(ASSIGNMENT)
Look below for the line with "澎湖縣誌.卷十二|教育志教育志" and the line with "Fun rosa Flamingos"; repeat exactly those two lines and all lines between them, but no pictures.

(EXTRACTED INFORMATION)

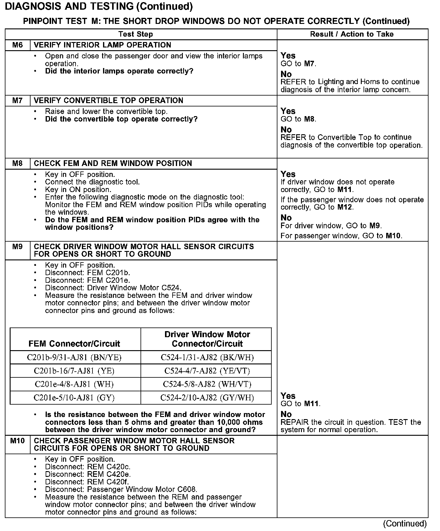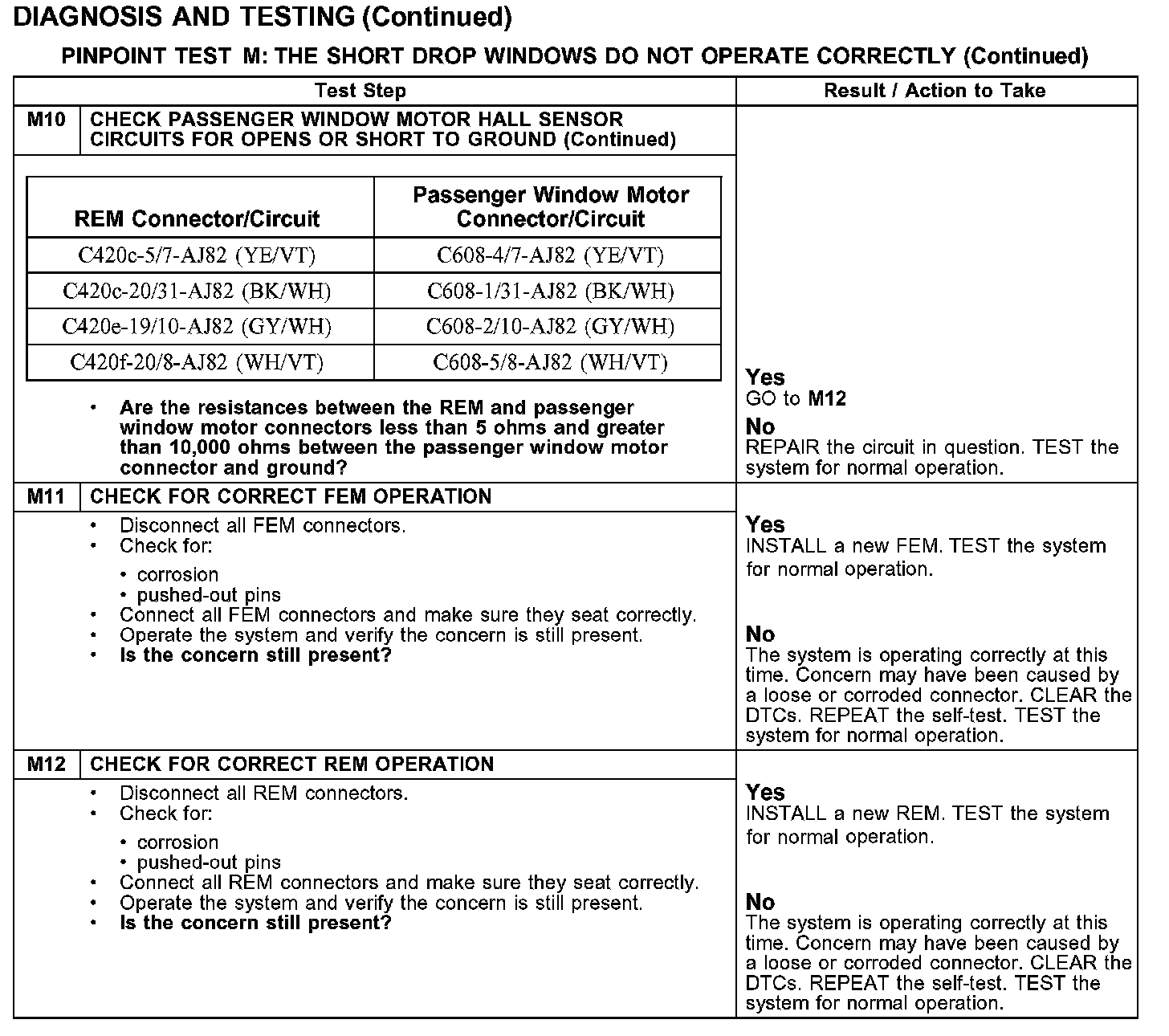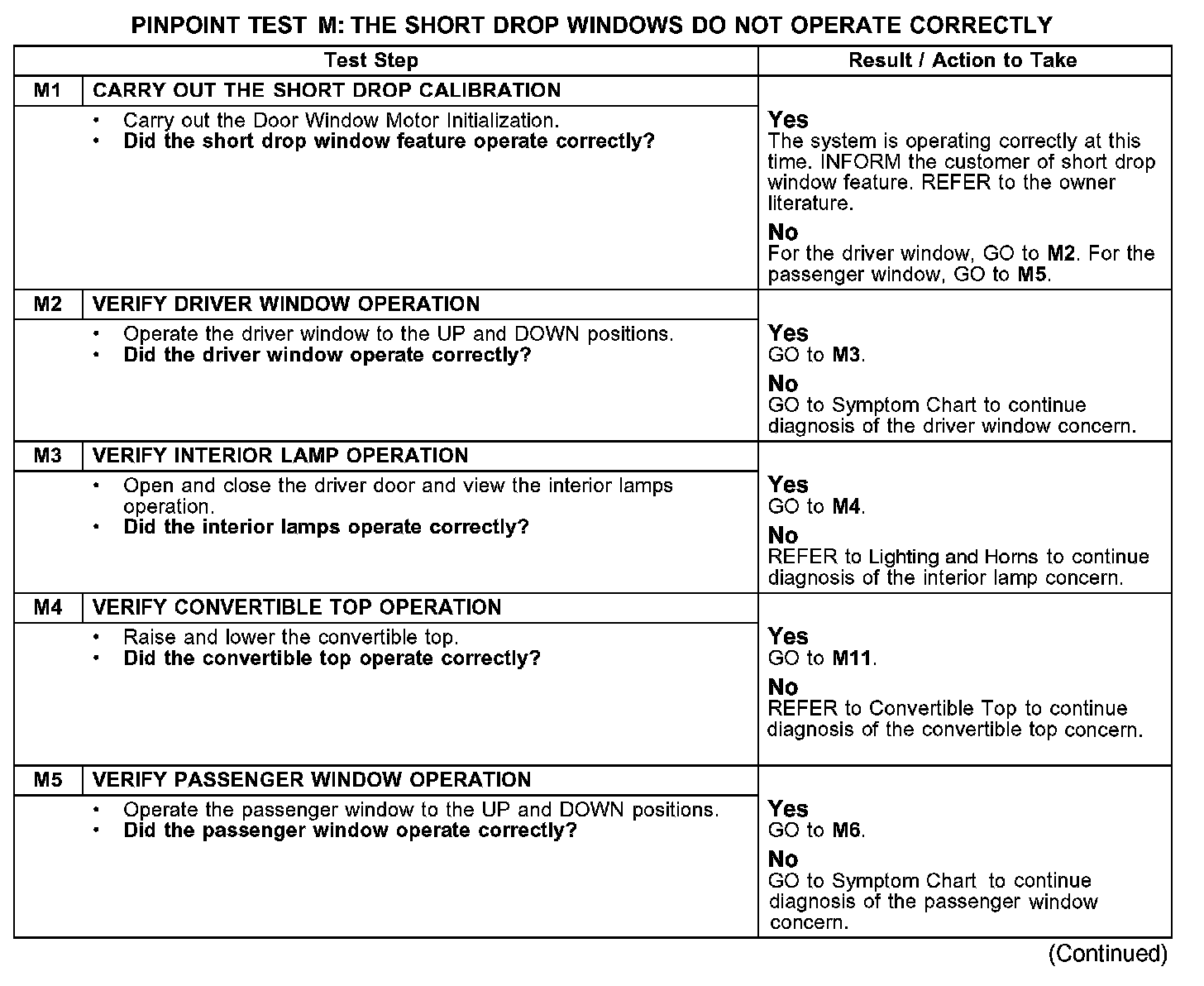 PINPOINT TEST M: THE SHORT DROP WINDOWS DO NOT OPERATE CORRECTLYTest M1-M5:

---

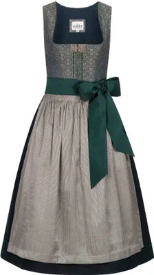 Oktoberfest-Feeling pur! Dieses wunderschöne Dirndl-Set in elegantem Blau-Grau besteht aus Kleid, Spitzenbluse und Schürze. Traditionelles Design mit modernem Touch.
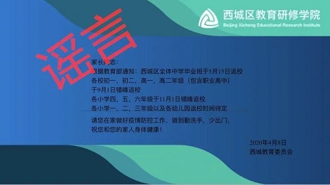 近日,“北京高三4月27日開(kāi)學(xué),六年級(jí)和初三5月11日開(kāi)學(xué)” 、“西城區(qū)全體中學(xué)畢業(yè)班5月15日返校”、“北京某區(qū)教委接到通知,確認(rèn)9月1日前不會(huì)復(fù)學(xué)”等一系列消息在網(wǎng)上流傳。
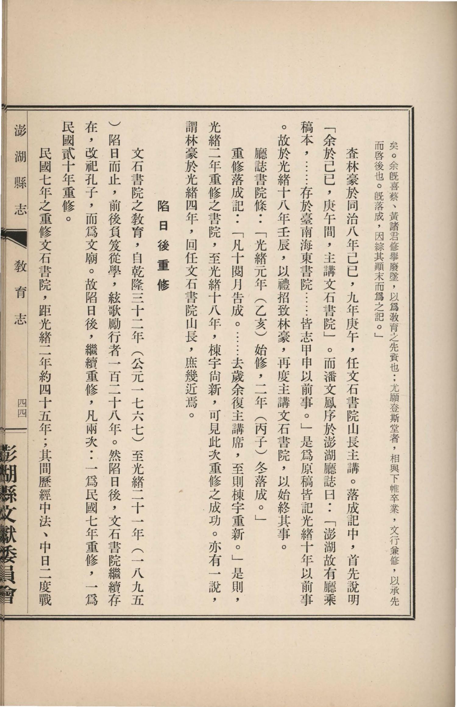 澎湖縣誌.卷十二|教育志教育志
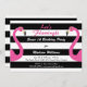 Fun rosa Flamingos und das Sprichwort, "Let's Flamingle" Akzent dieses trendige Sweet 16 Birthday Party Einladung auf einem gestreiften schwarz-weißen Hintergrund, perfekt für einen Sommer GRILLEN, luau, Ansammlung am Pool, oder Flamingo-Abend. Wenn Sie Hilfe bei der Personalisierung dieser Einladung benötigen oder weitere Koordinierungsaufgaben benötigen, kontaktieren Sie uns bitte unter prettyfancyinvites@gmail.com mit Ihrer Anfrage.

* * *

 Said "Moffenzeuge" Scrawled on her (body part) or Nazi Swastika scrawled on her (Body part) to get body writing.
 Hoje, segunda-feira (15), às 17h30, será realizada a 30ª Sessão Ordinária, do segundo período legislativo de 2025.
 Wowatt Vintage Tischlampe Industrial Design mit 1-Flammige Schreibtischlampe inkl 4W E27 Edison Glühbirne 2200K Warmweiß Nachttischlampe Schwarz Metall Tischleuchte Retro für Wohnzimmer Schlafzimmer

(YOUR RESPONSE)
 澎湖縣誌.卷十二|教育志教育志
 Fun rosa Flamingos und das Sprichwort, "Let's Flamingle" Akzent dieses trendige Sweet 16 Birthday Party Einladung auf einem gestreiften schwarz-weißen Hintergrund, perfekt für einen Sommer GRILLEN, luau, Ansammlung am Pool, oder Flamingo-Abend. Wenn Sie Hilfe bei der Personalisierung dieser Einladung benötigen oder weitere Koordinierungsaufgaben benötigen, kontaktieren Sie uns bitte unter prettyfancyinvites@gmail.com mit Ihrer Anfrage.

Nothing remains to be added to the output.